(Stored items)
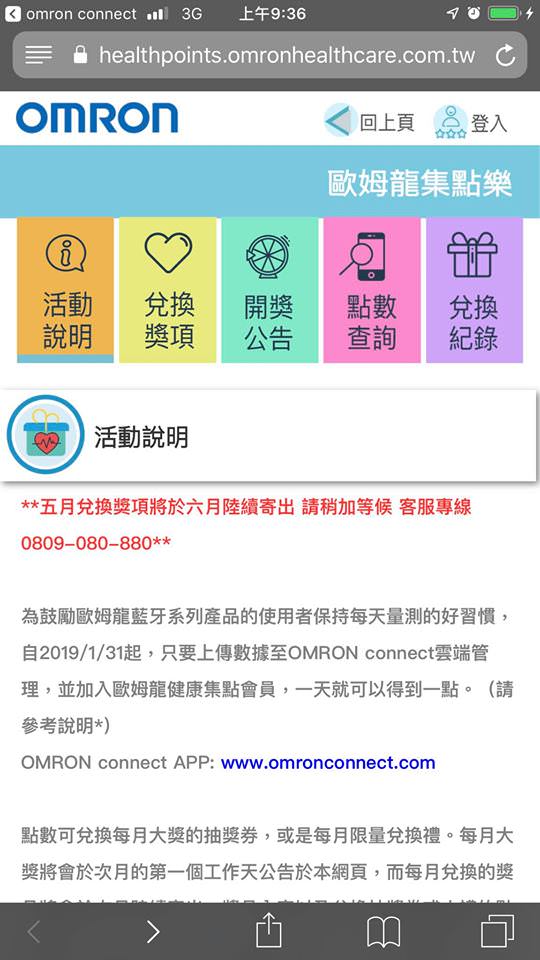 歐姆龍集點樂介紹網頁:https://connect.omronhealthcare.com.tw/
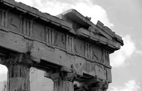 Деталь храма Афины Парфенос (Афины-девы). Хорошо видно устройство антаблемента. Непосредственно на колонны опираются балки архитрава, выше расположен фриз, составленный из метоп и триглифов. Над ними нависает карниз. Для лучшей сохранности метопы были заменены копиями. Подлинники хранятся здесь же, на Акрополе, в специальном музее.
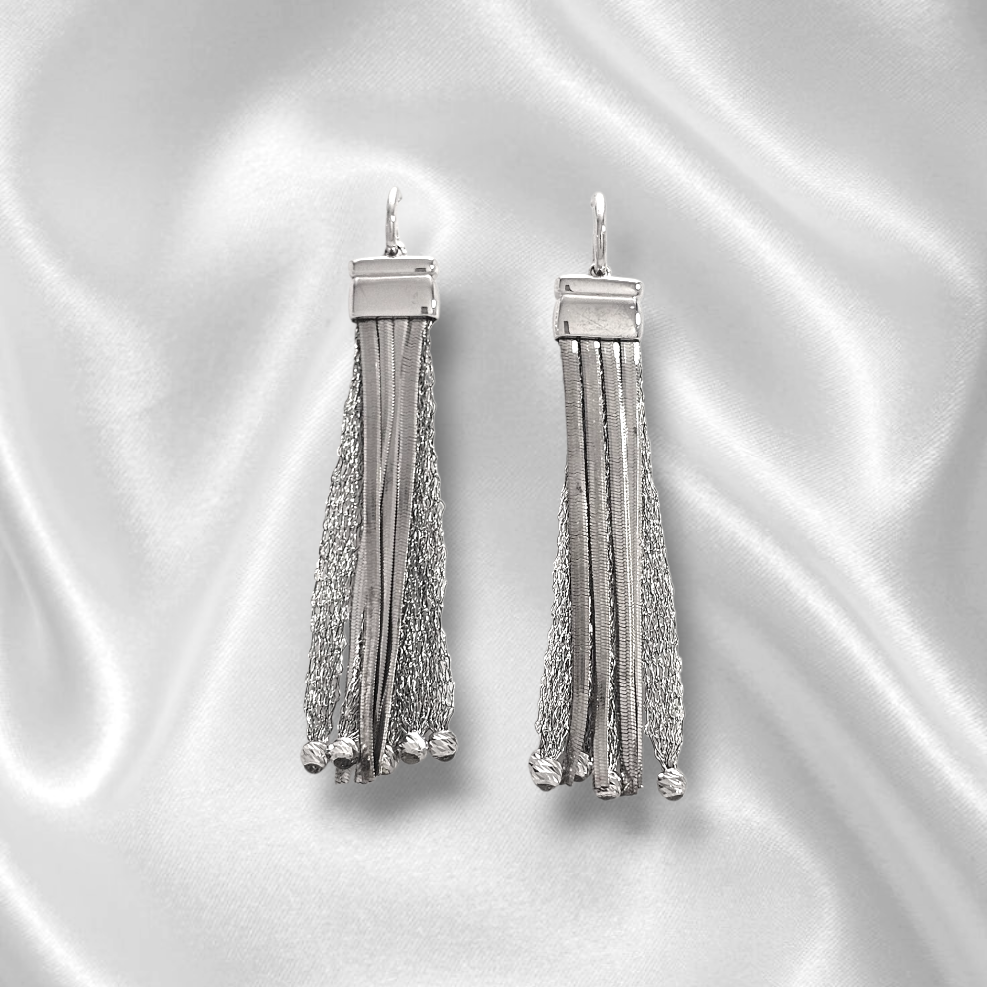 Gioielli系列以「珠寶即語言」為設計理念,OMG-1715-03-2SH耳環透過鍍銠銀鏈與銀色銅絲的交錯設計,象徵女性在都市生活中展現的堅韌與柔美交融。Orietta Martin將建築感線條與金屬質地融合,打造出一款既有藝術氣息又具實穿性的飾品。
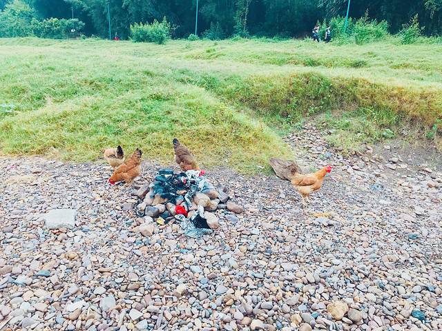 远远看见几只鸡在聚堆吃东西,再一看这不是烧烤堆吗,你们是真不怕直接被烤熟了吗,哈哈。本来还想过去逗逗它们,但是当这几只一起向我走来的时候,我承认我是真的害怕了,哈哈,一路小跑就溜了。
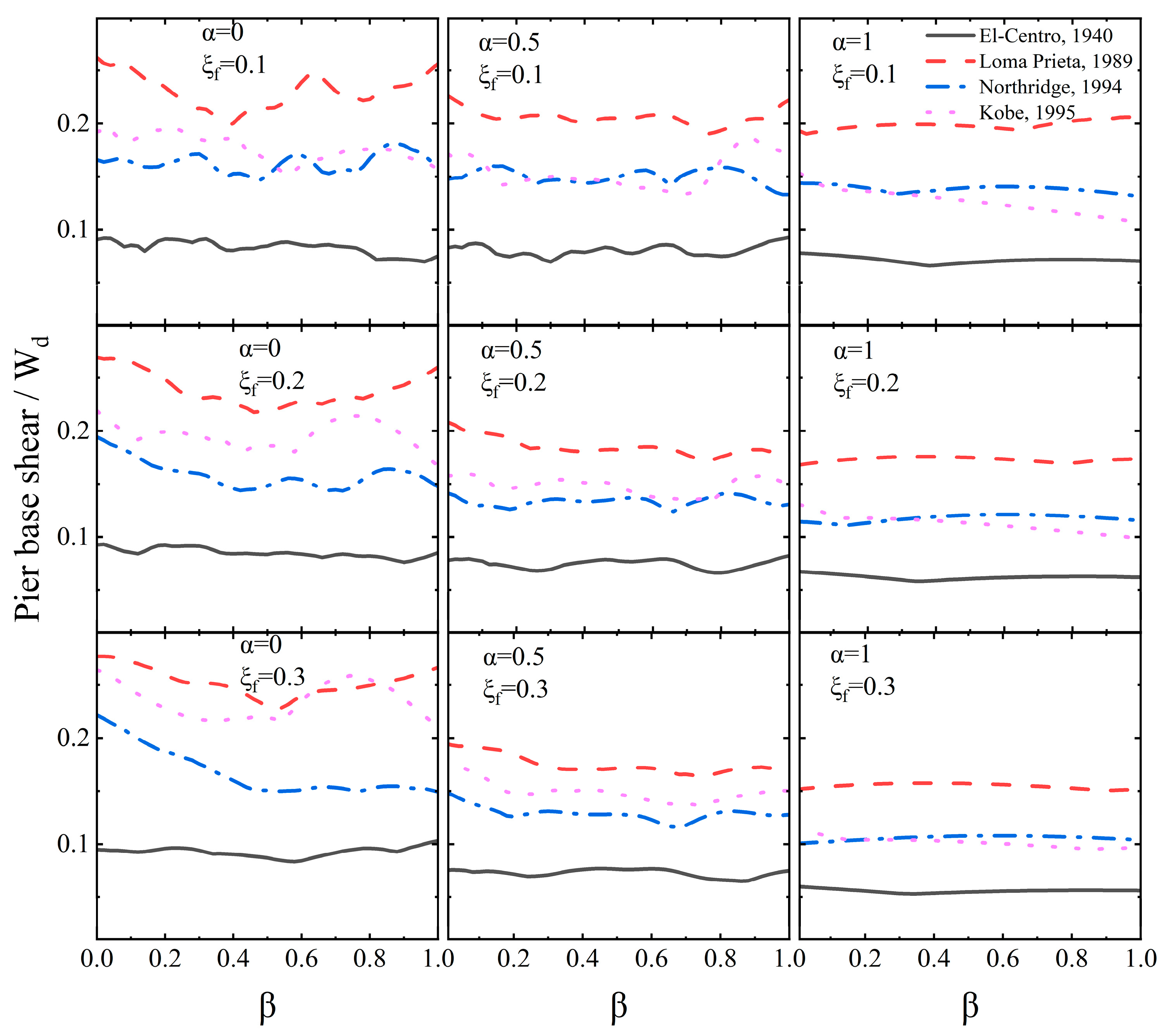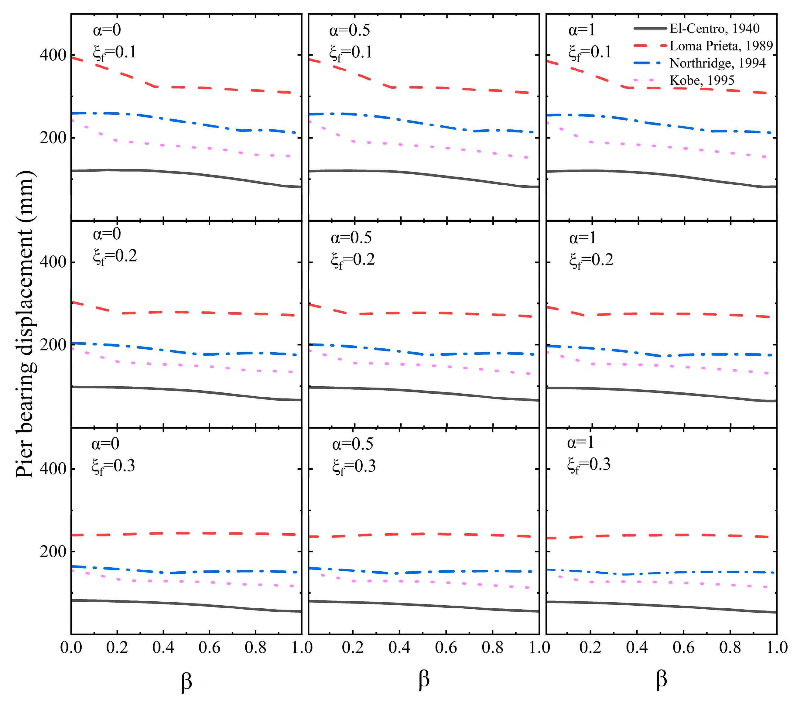 - Pier bearing displacement decreases with increasing inertance and is further reduced at higher inerter damping levels. At larger damping values, the response control becomes predominantly governed by damping effects, while the placement factor exerts negligible influence across the examined earthquake records.

### Problem description
Word for word, retype the lines from the one that contains "远远看见几只鸡在聚堆吃东西,再一看这不是" through the final line of the data, both ends included, excluding pictures.

### Solution to this problem
 远远看见几只鸡在聚堆吃东西,再一看这不是烧烤堆吗,你们是真不怕直接被烤熟了吗,哈哈。本来还想过去逗逗它们,但是当这几只一起向我走来的时候,我承认我是真的害怕了,哈哈,一路小跑就溜了。
 - Pier bearing displacement decreases with increasing inertance and is further reduced at higher inerter damping levels. At larger damping values, the response control becomes predominantly governed by damping effects, while the placement factor exerts negligible influence across the examined earthquake records.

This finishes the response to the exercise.